→ **EXERCISE INSTRUCTIONS**
A faithful copy of the entries is needed, one that leaves out the pictures.

→ **INFORMATION PROVIDED**
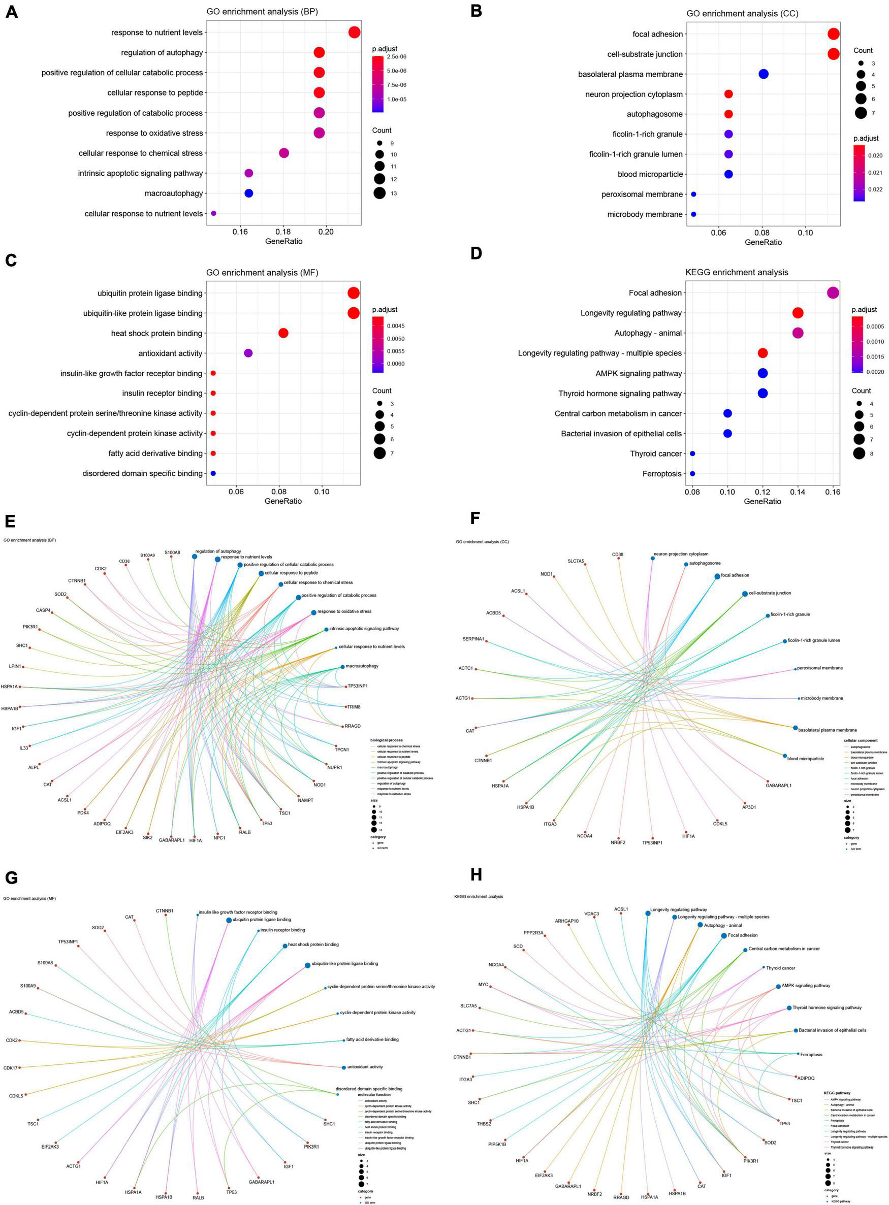 Gene Ontology (GO) and Kyoto Encyclopedia of Genes and Genomes (KEGG) enrichment analyses of differentially expressed ferroptosis-related genes. GO enrichment analysis of DEARGs in (A) the biological process category (BP); (B) the cellular component category (CC); (C) the molecular function category (MF). (D) KEGG enrichment analysis of DEARGs. Crosstalk analysis between DEFRGs and (E) gene functions in BP; (F) gene functions in CC; (G) gene functions in MF; (H) KEGG pathways. DEARG, differentially expressed autophagy-related gene.
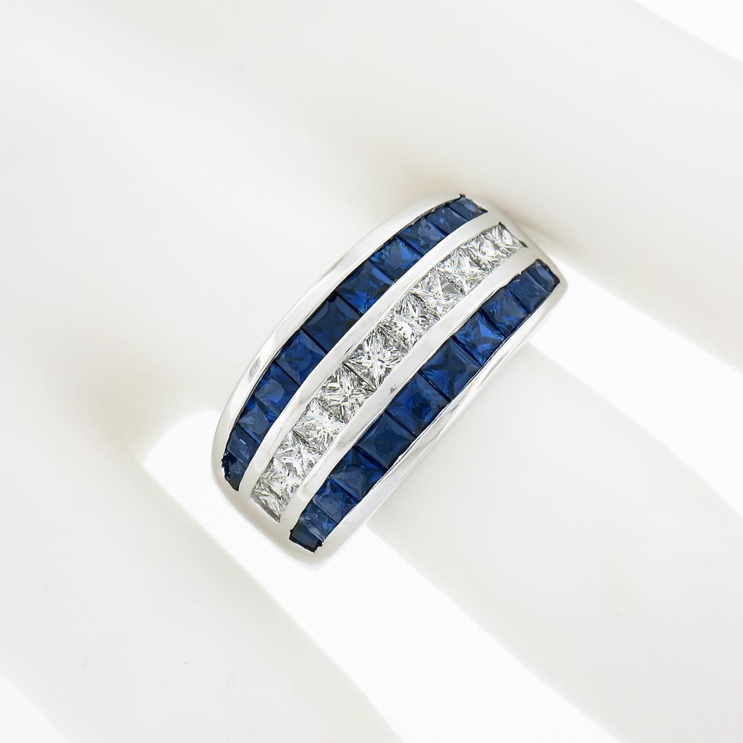 A solid 18k white gold band ring, with 11 princess cut natural diamonds (F/G - VS1/VS2 ; 1.0ctw), and 22 Square cut natural sapphires ( 2.20ctw ). The ring is size 7.5, weighs a total of 12.32 grams, and measures 10.8mm wide.
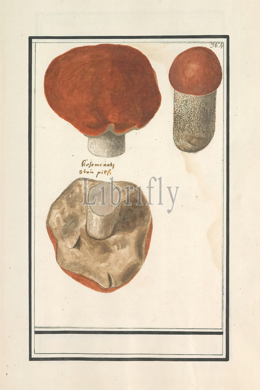 Boletus, squirrel bread, Numbered top right, 364, Part, fourth album, drawings, flowers, mushrooms, Eleventh, twelve albums, animals, birds, plants, 1600, commissioned, Emperor Rudolf II, explanation, Dutch, Latin, French, Anselmus Boetius de Boodt, 1596, 1610, paper, watercolor, paint, deck paint, chalk, ink, pen
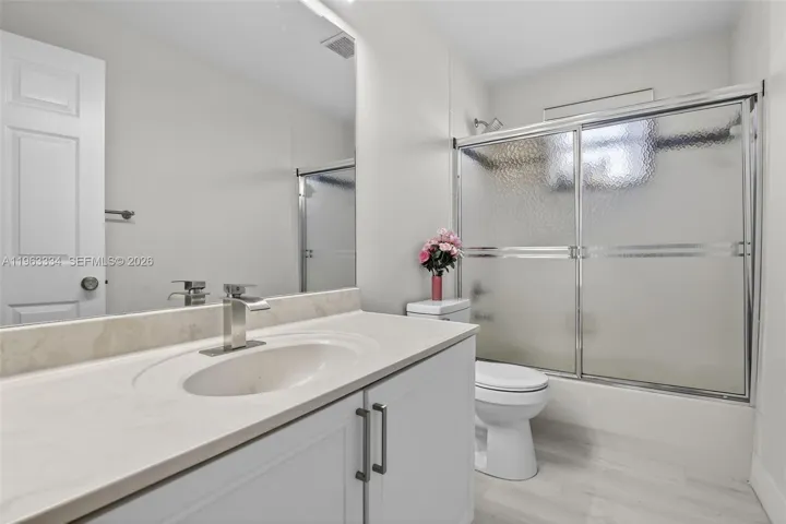 Beautifully updated Malibu model in the gated community Pembroke Falls. This bright and airy 4 bedroom, 2.5 bath home features an inviting open floor plan, vaulted ceilings, and abundant natural light. The updated eat in kitchen offers contemporary white cabinetry, granite countertops, island with serving bar, and pantry—ideal for everyday living and entertaining. The spacious primary suite includes a large walk in closet and bath with dual vanities, and a Roman soaking tub. Additional bedrooms are generously sized and versatile. Recent upgrades include fresh interior and exterior paint, luxury vinyl plank flooring, modern LED lighting, ceiling fans, and hurricane impact French doors. Enjoy outdoor living on the covered patio with fenced yard, accordion shutters, and room for a pool. Residents enjoy resort style amenities: clubhouse, heated pool and spa, fitness center, tennis, pickleball, basketball, ballroom, tot lots, four manned security entrances, and onsite management. HOA includes cable, internet, and alarm monitoring. Conveniently located near shopping, dining, major highways, and top rated Pembroke Pines schools.
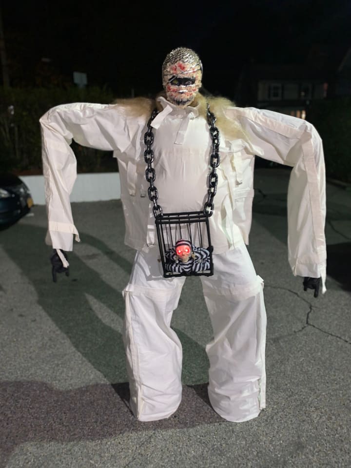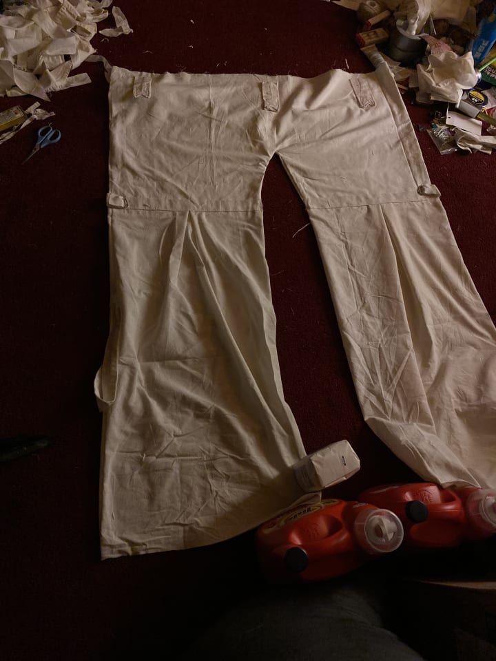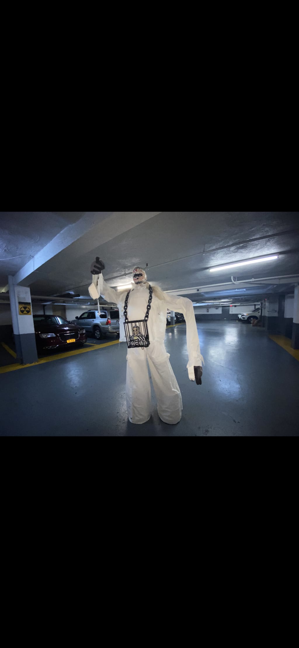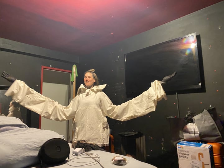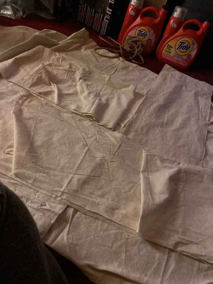 Made from a curtain, two buckets, two trash grabbers, tacks and fake fingernails...
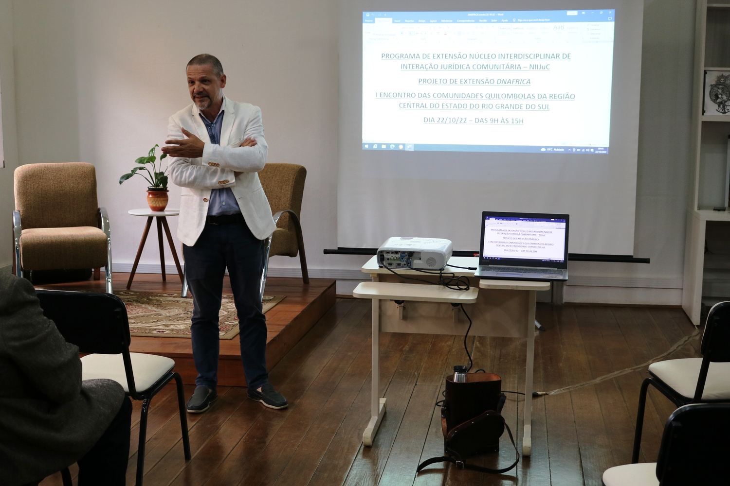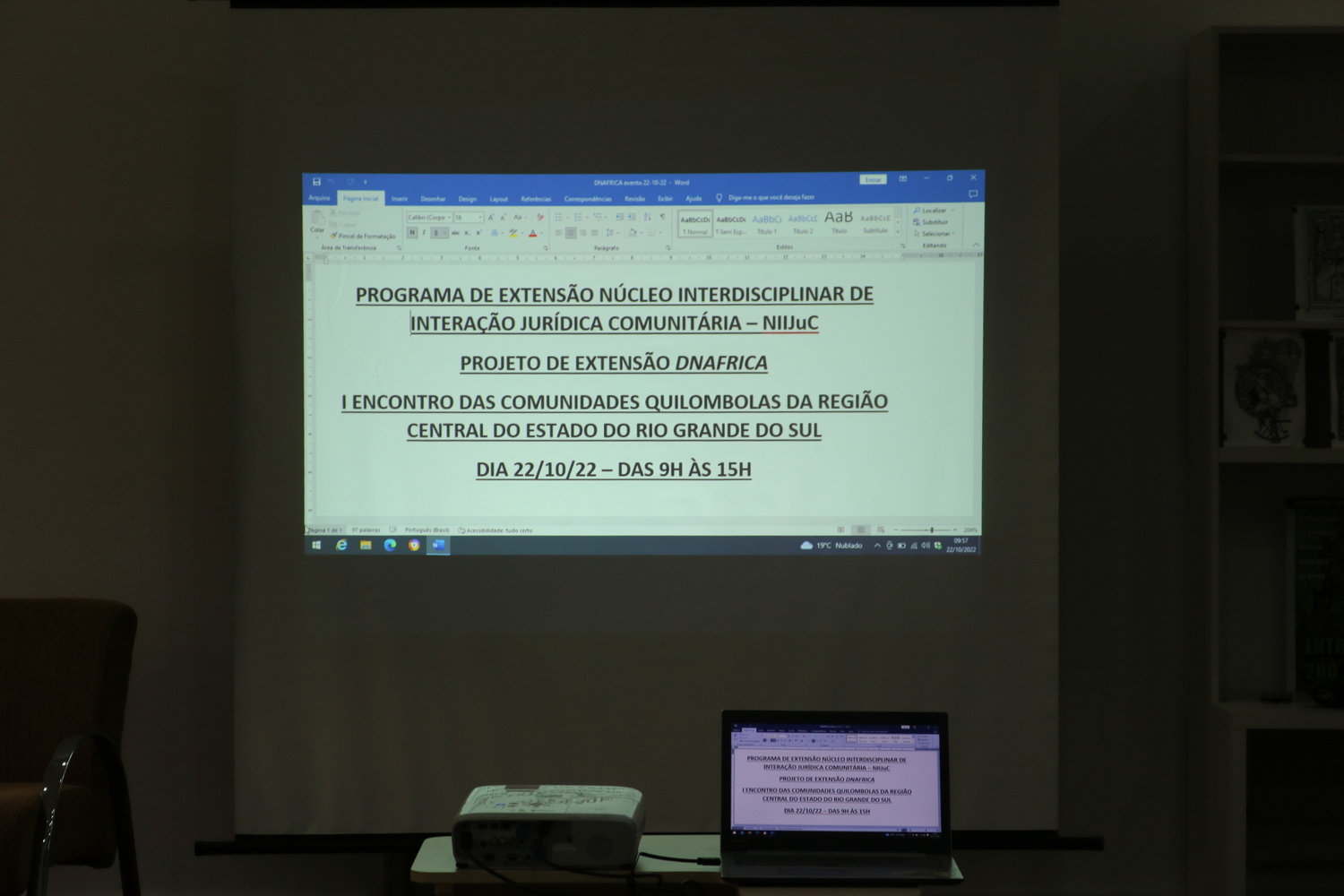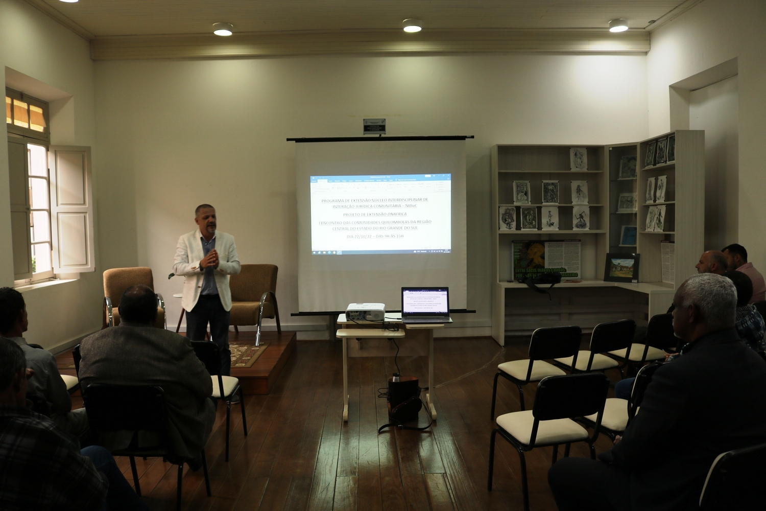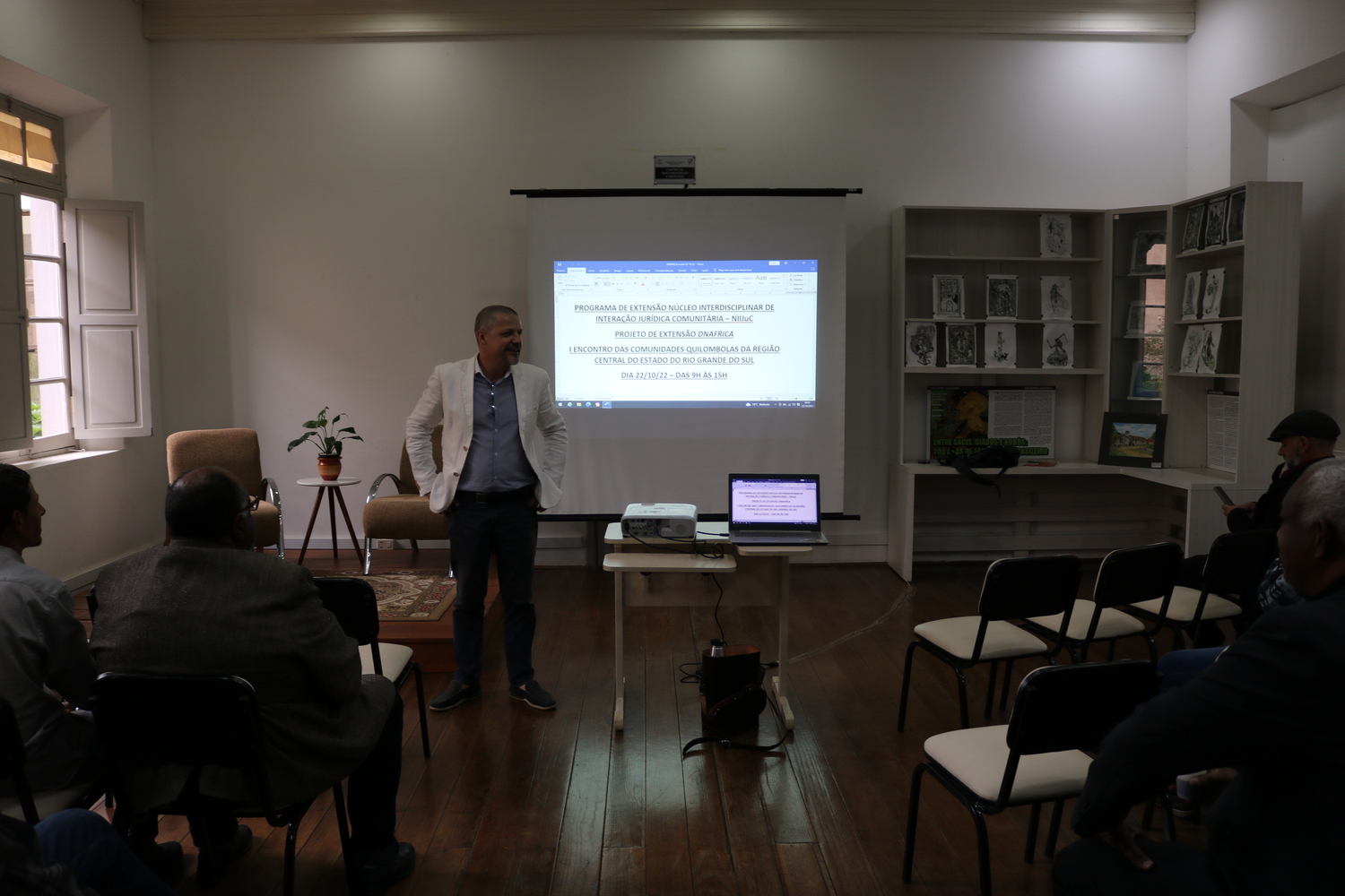 Na oportunidade, foram discutidos problemas atinentes à falta de efetivação de Políticas Públicas para as comunidades negras, que vivenciam a exclusão e invisibilidade, especialmente em contextos de etnias predominantemente europeias. Reuniram-se lideranças de todas as 16 comunidades quilombolas, dos municípios da Quarta Colônia (Restinga Seca, Nova Palma, Dona Francisca, São João do Polêsine e Faxinal do Soturno), além de Formigueiro, São Sepé e Santa Maria. Também estiveram presentes os dirigentes do Conselho de Desenvolvimento Negro do RS, Sr. Márcio Luis Rosa de Oliveira, e da ONG Instituto de Assessoria às Comunidades Remanescentes de Quilombo, Sr. Ubirajara carvalho Toledo, bem como a artista plástica Raianny Silva, liderança da ocupação Vila Resistência, que falou em nome da Teia dos Povos. O evento é foi uma promoção do Projeto DNÁfrica, lotado no Espaço Multidisciplinar, e vinculado ao Programa de Extensão Núcleo Interdisciplinar de Interação Jurídica Comunitária – NIIJuC, coordenado pelo Prof. Dr.José Luiz de Moura Filho, do Departamento de Direito, e composto, dentre outros, pelos alunos de Pós-Doutorado João Heitor Silva Macedo, responsável pela palestra Contesto Histórico, Beatriz Pontes, doutoranda em Ciências Sociais, dos graduandos Gabriel Soares (Direito) e Willian Silva (Jornalismo).

→ **EXERCISE RESULT**
 Gene Ontology (GO) and Kyoto Encyclopedia of Genes and Genomes (KEGG) enrichment analyses of differentially expressed ferroptosis-related genes. GO enrichment analysis of DEARGs in (A) the biological process category (BP); (B) the cellular component category (CC); (C) the molecular function category (MF). (D) KEGG enrichment analysis of DEARGs. Crosstalk analysis between DEFRGs and (E) gene functions in BP; (F) gene functions in CC; (G) gene functions in MF; (H) KEGG pathways. DEARG, differentially expressed autophagy-related gene.
 A solid 18k white gold band ring, with 11 princess cut natural diamonds (F/G - VS1/VS2 ; 1.0ctw), and 22 Square cut natural sapphires ( 2.20ctw ). The ring is size 7.5, weighs a total of 12.32 grams, and measures 10.8mm wide.
 Boletus, squirrel bread, Numbered top right, 364, Part, fourth album, drawings, flowers, mushrooms, Eleventh, twelve albums, animals, birds, plants, 1600, commissioned, Emperor Rudolf II, explanation, Dutch, Latin, French, Anselmus Boetius de Boodt, 1596, 1610, paper, watercolor, paint, deck paint, chalk, ink, pen
 Beautifully updated Malibu model in the gated community Pembroke Falls. This bright and airy 4 bedroom, 2.5 bath home features an inviting open floor plan, vaulted ceilings, and abundant natural light. The updated eat in kitchen offers contemporary white cabinetry, granite countertops, island with serving bar, and pantry—ideal for everyday living and entertaining. The spacious primary suite includes a large walk in closet and bath with dual vanities, and a Roman soaking tub. Additional bedrooms are generously sized and versatile. Recent upgrades include fresh interior and exterior paint, luxury vinyl plank flooring, modern LED lighting, ceiling fans, and hurricane impact French doors. Enjoy outdoor living on the covered patio with fenced yard, accordion shutters, and room for a pool. Residents enjoy resort style amenities: clubhouse, heated pool and spa, fitness center, tennis, pickleball, basketball, ballroom, tot lots, four manned security entrances, and onsite management. HOA includes cable, internet, and alarm monitoring. Conveniently located near shopping, dining, major highways, and top rated Pembroke Pines schools.
 Made from a curtain, two buckets, two trash grabbers, tacks and fake fingernails...
 Na oportunidade, foram discutidos problemas atinentes à falta de efetivação de Políticas Públicas para as comunidades negras, que vivenciam a exclusão e invisibilidade, especialmente em contextos de etnias predominantemente europeias. Reuniram-se lideranças de todas as 16 comunidades quilombolas, dos municípios da Quarta Colônia (Restinga Seca, Nova Palma, Dona Francisca, São João do Polêsine e Faxinal do Soturno), além de Formigueiro, São Sepé e Santa Maria. Também estiveram presentes os dirigentes do Conselho de Desenvolvimento Negro do RS, Sr. Márcio Luis Rosa de Oliveira, e da ONG Instituto de Assessoria às Comunidades Remanescentes de Quilombo, Sr. Ubirajara carvalho Toledo, bem como a artista plástica Raianny Silva, liderança da ocupação Vila Resistência, que falou em nome da Teia dos Povos. O evento é foi uma promoção do Projeto DNÁfrica, lotado no Espaço Multidisciplinar, e vinculado ao Programa de Extensão Núcleo Interdisciplinar de Interação Jurídica Comunitária – NIIJuC, coordenado pelo Prof. Dr.José Luiz de Moura Filho, do Departamento de Direito, e composto, dentre outros, pelos alunos de Pós-Doutorado João Heitor Silva Macedo, responsável pela palestra Contesto Histórico, Beatriz Pontes, doutoranda em Ciências Sociais, dos graduandos Gabriel Soares (Direito) e Willian Silva (Jornalismo).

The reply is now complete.